= DATA PROVIDED =
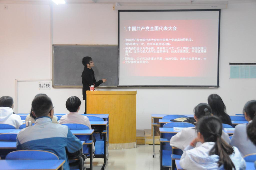 2017年10月18日晚七点,一场别开生面的十九大知识竞赛在A441举行。十九大知识竞赛内容分选择题、填空题和抢答题三个环节,题目范围为党章知识、习近平总书记系列重要讲话及治国理政新思想等学习内容。比赛中,各参赛队员以饱满的精神状态熟练应对,尤其是抢答题环节把现场气氛推向了高潮,展示了我院学生党员和团员对党章知识、习近平总书记系列重要讲话的全面掌握和深刻领悟,又充分体现了积极协作、勇于拼搏的团队精神。本次活动旨在通过以赛促学的形式,促使广大党员、团员重温党的辉煌历史、铭记党的光荣使命、关心党的发展建设,进一步激发党员、团员与祖国同频共振的庄严感与使命感,以更踏实的工作和更优异的成绩庆祝党的十九大召开。
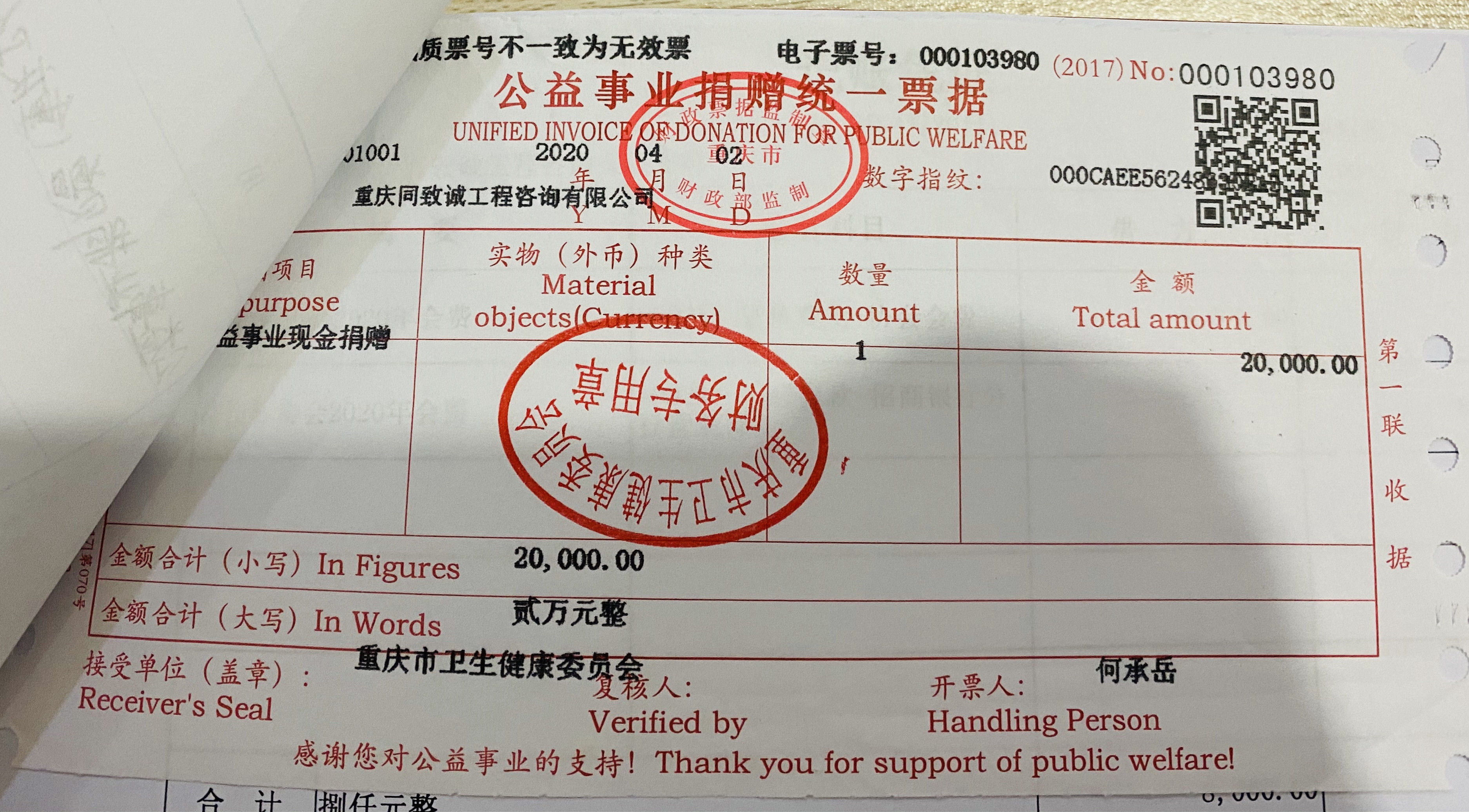 圖 | 為重慶市衛生健康委員會愛心捐贈的票據
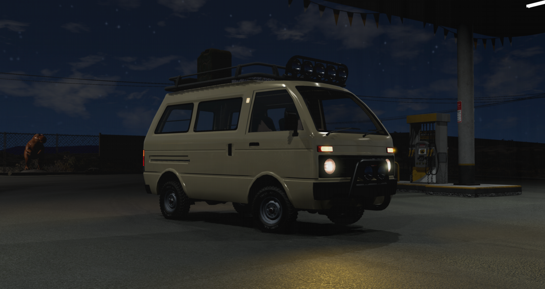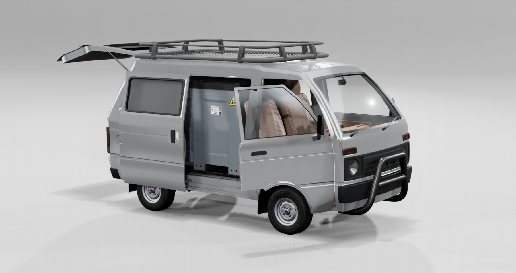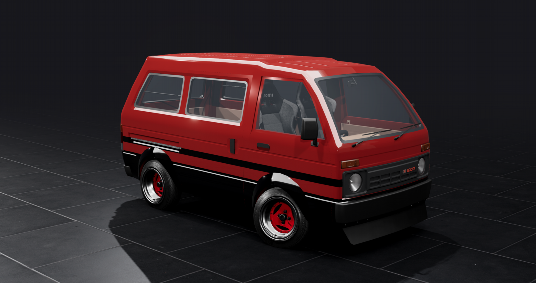 Daikisei Katai and the export version of Daikisei 1000. It has a good amount of settings and tuning, as well as a few things for the factory versions. He mostly has a custom jbeam, although some things were obtained from/stolen from vanilla cars. It has a lot of things to interact with, including opening doors and a tailgate, seats that fold down to access the engine, and even a working key.
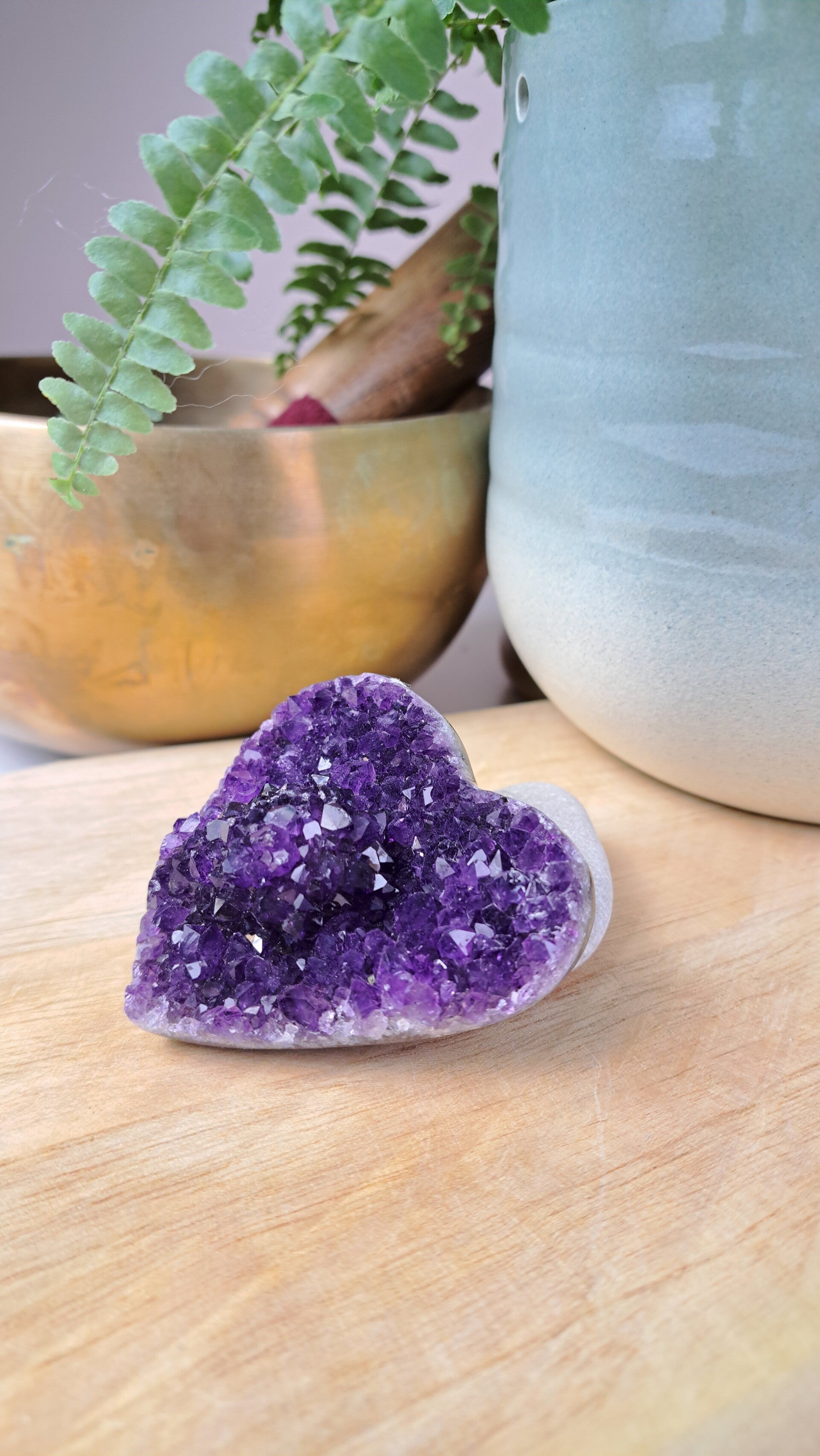 Dit hart is gemaakt van 100% natuurlijke steen. Het hart is rondom gepolijst en hebben een mooie glans. Middenin de Amethistkristallen zit een mooie grote en duidelijke flower van kristalpunten. De Amethistkristallen hebben een dieppaarse kleur.

= TASK INSTRUCTIONS =
Would you transcribe the whole listing above exactly? The pictures should not be included.

= WRITTEN RESPONSE =
 2017年10月18日晚七点,一场别开生面的十九大知识竞赛在A441举行。十九大知识竞赛内容分选择题、填空题和抢答题三个环节,题目范围为党章知识、习近平总书记系列重要讲话及治国理政新思想等学习内容。比赛中,各参赛队员以饱满的精神状态熟练应对,尤其是抢答题环节把现场气氛推向了高潮,展示了我院学生党员和团员对党章知识、习近平总书记系列重要讲话的全面掌握和深刻领悟,又充分体现了积极协作、勇于拼搏的团队精神。本次活动旨在通过以赛促学的形式,促使广大党员、团员重温党的辉煌历史、铭记党的光荣使命、关心党的发展建设,进一步激发党员、团员与祖国同频共振的庄严感与使命感,以更踏实的工作和更优异的成绩庆祝党的十九大召开。
 圖 | 為重慶市衛生健康委員會愛心捐贈的票據
 Daikisei Katai and the export version of Daikisei 1000. It has a good amount of settings and tuning, as well as a few things for the factory versions. He mostly has a custom jbeam, although some things were obtained from/stolen from vanilla cars. It has a lot of things to interact with, including opening doors and a tailgate, seats that fold down to access the engine, and even a working key.
 Dit hart is gemaakt van 100% natuurlijke steen. Het hart is rondom gepolijst en hebben een mooie glans. Middenin de Amethistkristallen zit een mooie grote en duidelijke flower van kristalpunten. De Amethistkristallen hebben een dieppaarse kleur.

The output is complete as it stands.